2. The contract of sale for the sale of a condominium unit by the developer (but not for a resale) is required to be in the form established by the Ministry of the Interior. Any provision in a contract of sale that is inconsistent with the established form and not in favour of the prospective buyer will not be enforceable.
3. Businesses in the condominium building are allowed to operate only in designated areas, and a separate entrance is required so that business activities do not to disturb the residents.
4. The developer is responsible for paying the portion of the condominium's taxes, duties and maintenance and management expenses that are allocable to unsold condominium units.
The 2008 Condominium Act Amendments also provide that foreign persons or entities are permitted to own no more than 49% of the total area of the condominium units in the condominium building at the time the developer applied to register the condominium with the Land Department.
In addition, the 2008 Condominium Act Amendments also provide provisions relating to the governance and management of condominiums, including the following:
1. Minimum qualifications and duties of the manager are provided.
2. Powers and duties of the condominium building juristic person committee and minimum qualifications of the members of that committee are provided.
3. Rules relating to general meetings of joint owners are also provided. The manager, the committee or joint owners holding not less than 20% of the votes of the joint owners may call a general meeting. Joint owners with the right to vote not less than 25% of the total number of votes constitute a quorum, but if a quorum does not attend a meeting, a new meeting may be called within fifteen days where a quorum will not be required to transact business.

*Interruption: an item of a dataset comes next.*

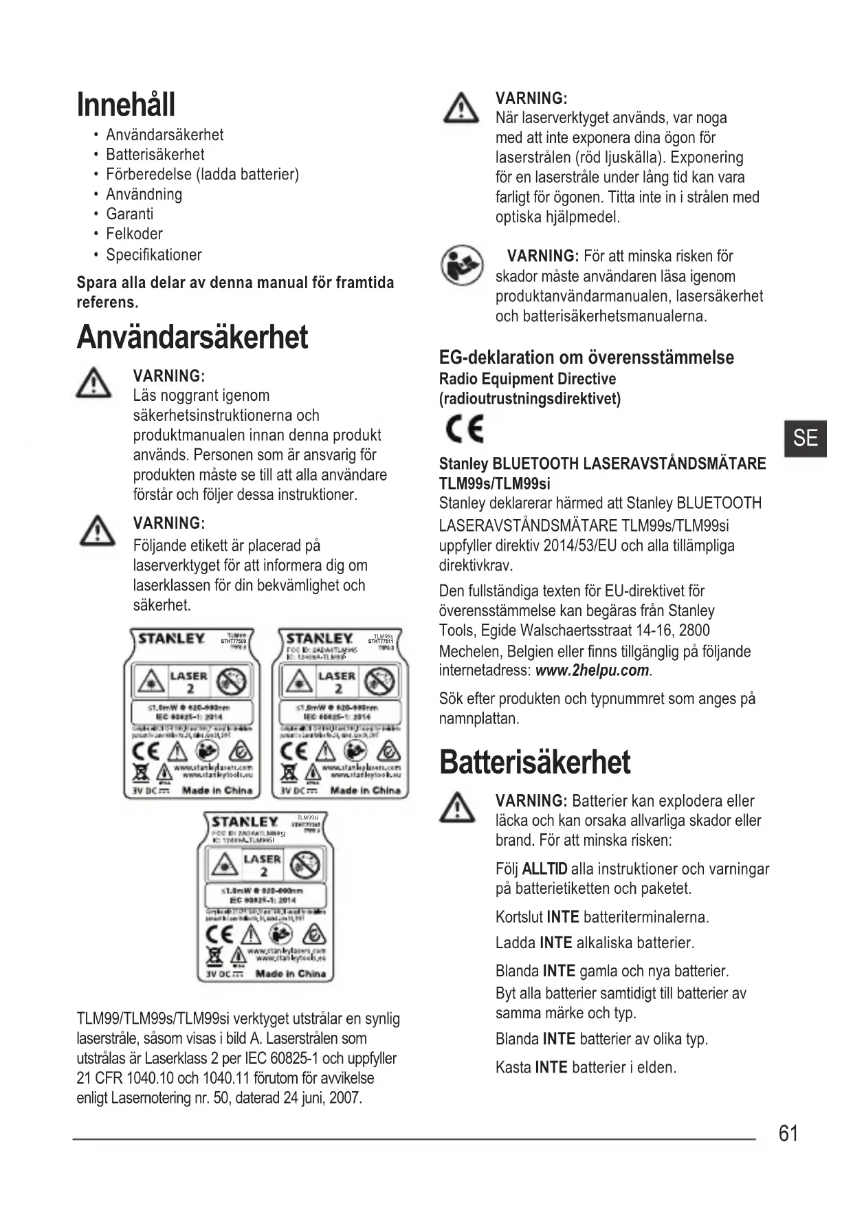 TLM99si TLM99/TLM99s/TLM99si verktyget utstrålar en synlig laserstråle, såsom visas i bild A. Laserstrålen som utstrålas är Laserklass 2 per IEC 60825-1 och uppfyller 21 CFR 1040.10 och 1040.11 förutom för avvikelse enligt Lasernotering nr. 50, daterad 24 juni, 2007.VARNING:När laserverktyget används, var noga med att inte exponera dina ögon för laserstrålen (röd ljuskälla). Exponering för en laserstråle under lång tid kan vara farligt för ögonen. Titta inte in i strålen med optiska hjälpmedel. VARNING: För att minska risken för skador måste användaren läsa igenom produktanvändarmanualen, lasersäkerhet och batterisäkerhetsmanualerna. EG-deklaration om överensstämmelse Radio Equipment Directive (radioutrustningsdirektivet)Stanley BLUETOOTH LASERAVSTÅNDSMÄTARE TLM99s/TLM99siStanley deklarerar härmed att Stanley BLUETOOTH LASERAVSTÅNDSMÄTARE TLM99s/TLM99si uppfyller direktiv 2014/53/EU och alla tillämpliga direktivkrav.Den fullständiga texten för EU-direktivet för överensstämmelse kan begäras från Stanley Tools, Egide Walschaertsstraat 14-16, 2800 Mechelen, Belgien eller nns tillgänglig på följande internetadress: www.2helpu.com.Sök efter produkten och typnummret som anges på namnplattan. Batterisäkerhet VARNING: Batterier kan explodera eller läcka och kan orsaka allvarliga skador eller brand. För att minska risken:Följ ALLTID alla instruktioner och varningar på batterietiketten och paketet. Kortslut INTE batteriterminalerna. Ladda INTE alkaliska batterier.Blanda INTE gamla och nya batterier. Byt alla batterier samtidigt till batterier av samma märke och typ.Blanda INTE batterier av olika typ.Kasta INTE batterier i elden.SE

4. Special voting requirements are also provided. The following resolutions require the vote of not less than 50% of the total number of votes:
a. the purchase or sale of immovable property,
b. the grant of permission to a joint owner to make any modifications that affect the common property or exterior of the condominium,
c. any amendment of regulations regarding the use or management of common property,
d. any amendment of the ratio of joint expenses,
e. construction that changes the common property or
f. a seeking of benefits in the common property.
If a quorum does not attend a meeting to consider any of these matters, a new meeting may be called within fifteen days where the minimum voting requirement will be reduced to 33 1/3%. In addition, certain resolutions require the vote of not less than 25% of the total number of votes, such as the appointment or removal of the manager and the designation of businesses that the manager has the power to assign to others.
Finally, 2008 Condominium Law Amendments increased the penalties for violations of the Condominium Law and also provides penalties for joint owners who fail to make timely payments of their share of taxes, duties and maintenance and management expenses.